To summarize the state of pediatric health care today, Steven Altschuler, MD, president and CEO of Children’s Hospital of Philadelphia (CHOP), quoted the 1963 movie The Leopard: “Everything must change, so that everything can stay the same.”
He spoke at a panel discussion with two other children’s hospitals’ CEOs—Boston Children’s Hospital’s outgoing CEO James Mandell, MD, and Herman Gray, CEO of Children’s Hospital of Michigan (CHM)—during Boston Children’s Pediatric Health Innovation Summit + Awards on September 27 in Boston. Erik Halvorsen, PhD, director of Boston Children’s Technology and Innovation Development Office, moderated the session on the top challenges in pediatric health care and care delivery.
“For us to continue to support our missions in the traditional manner and for us to continue to advance pediatric health care, we need to change everything, including the reimbursement and research-funding models, as well as the education of our new caregivers,” Altschuler said. In his estimation, medical education has “unprepared new doctors and nurses to practice appropriate medicine in a safe, effective manner. The education is completely out of touch with reality.”
Gray added that not enough people are going into pediatric subspecialties, partly due to student loan burden, so too few caregivers are being trained to meet future needs. “Where is the next generation of pediatric investigators and clinicians going to come from?”
Compounding the gap in medical education, research funding from government sources, including the National Institutes of Health, is entering a cycle of dramatic decreases. “This decrease puts the [pediatric] academic research enterprise in peril. You can’t support a system where the average number of research applicants who consistently receive grant funding is 7 percent,” said Altschuler.
To counteract this funding loss, Altschuler recommended training in entrepreneurship for researchers.
All panelists concurred that the current fee-for-service reimbursement model will be changing soon. Altschuler predicted that this change may cause some physicians to retire, but also will force children’s hospitals “to find new revenue sources” focused on disease prevention—citing as examples new vaccinations and in utero procedures to prevent or minimize disease.

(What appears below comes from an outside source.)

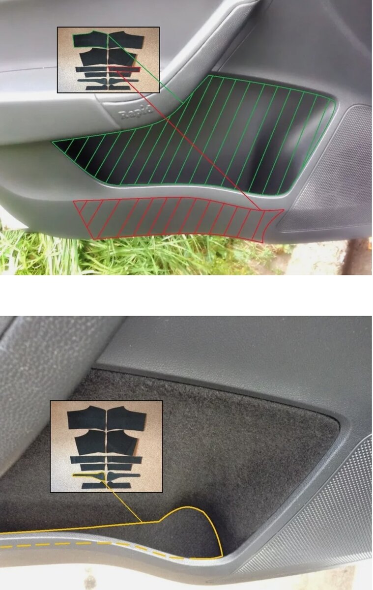 Всем добрый день, туту я решил разместить инструкцию к предыдущему посту, так скажем теоретической и наглядное пособие по поклейке карпета. Инструкция по установке обивок дверных карманов: В первую очередь разделите комплект на две части, одна часть идет на левую сторону другая на правую сторону дверей. Далее подготовьте инструмент необходимый для поклейки, а именно: — мыльный раствор (пропорция 3-4 капли моющего средства на 0,5 литра воды) — пульверизатор (20-70р. в любом хоз. магазине) — спирт или обезжириватель и тряпка для него — тряпка для сбора воды со дна кармана — сам кусок карпета, который собираетесь клеить. Следующим действием возьмите кусок материала и просто приложите его на предполагаемое место оклейки, постарайтесь расположить его таким образом, как впоследствии он у вас будет приклеен. Эта процедура поможет вам понять как должен располагаться материал на "местности" и впоследствии сэкономит время позиционирования во время поклейки "на живую"))) Четв

Changes in pediatric medicine itself may accelerate the changes brought by reimbursement models, Mandell concurred. “The pediatric patients who are in the hospital today are dramatically different than who will be in the hospital in 20 years due to recent innovations,” he said. “Currently, there is no revenue model that reimburses for preventive approaches, so it becomes difficult to use a clinical enterprise to support our missions. We’re going to have to tackle these issues head-on to get the disparity resolved.”
Gray stressed this point even further: “Finances are our number one challenge. Where will the resources be coming from? What’s the appropriate reimbursement model? How will the Affordable Care Act change our landscape?” Seventy percent of the patients who present to CHM are on Medicaid, for example; how reimbursement will change if they are covered by a health insurance exchange is an open question.

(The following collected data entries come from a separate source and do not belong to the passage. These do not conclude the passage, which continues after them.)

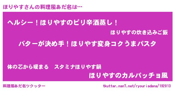 | 女子向けラノベタイトル風あだ名 | 『ほりやす恋絵巻』『闇のほりやす』 |
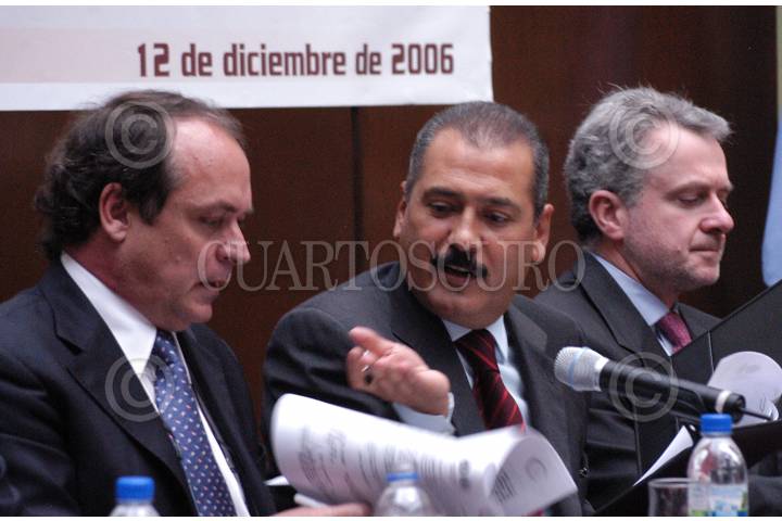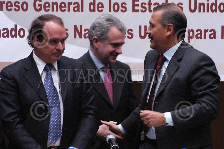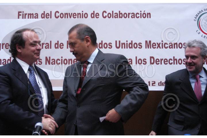 MÉXICO D.F. 12DICIEMBRE2006.- Amerigo Icalcaterra representante del alto comisionado de la ONU y el senador Manlio Flavio Beltrones y el senador Santiago Creel Miranda durante la firma del convenio de cooperación con la comisión de derechos humanos del senado. FOTO: GUILLERMO PEREA /CUARTOSCURO.COM
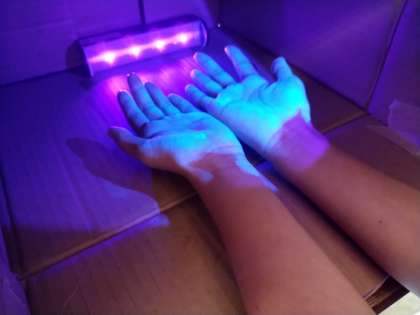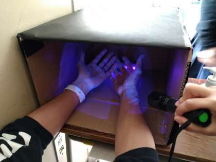 ブラックライトの光に反応するローションを両手にぬり、いつも通り手を洗います。その後、ブラックライトの光を手に当ててみると、手の一部分に白く光っているところがあります!ズバリ洗い残しです!!
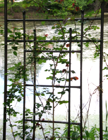 This copper trellis was a gift many years ago and now supports a climbing rose…
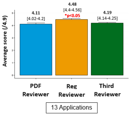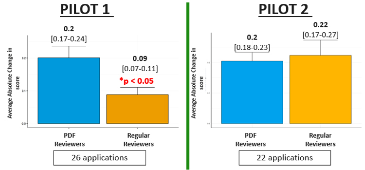 - Pilot 2: Of the 22 applications that were commonly re-reviewed by PDF and Regular reviewers, PDFs altered their initial score to a similar degree as regular reviewers (average absolute change 0.2 for PDFs and 0.22 for RR). No significant difference was observed between the initial average score and the re-review score for either reviewer type.

There are 50 to 55 large children’s hospitals in the U.S., which have varying levels of resources available to tap, which run the gamut of resources available, Gray explained. “We have challenges today in financially supporting the academic and research activities that help catalyze innovation in the future.”

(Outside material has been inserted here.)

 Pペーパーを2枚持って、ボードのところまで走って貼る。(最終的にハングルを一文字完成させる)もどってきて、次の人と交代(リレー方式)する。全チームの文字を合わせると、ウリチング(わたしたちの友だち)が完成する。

Partnerships and data sharing
Mandell stressed that pediatric caregivers and the standalone hospitals cannot do this alone. “We need to foster partnerships, with each other and with industry.”
The children’s hospital industry is at “a tipping point,” but partnerships offer innovative opportunities, said Altschuler. For instance, the Children’s Hospital Association has formed a common group purchasing organization (GPO) that includes 38 children’s hospitals and a buying power of $3 billion that can help reduce costs. This GPO could be the start of an integrated database that uses administrative data for benchmark purposes. Sharing of non-financial resources, including internal review boards, biorepository labs and data, is another means to cut overhead and possibly improve care.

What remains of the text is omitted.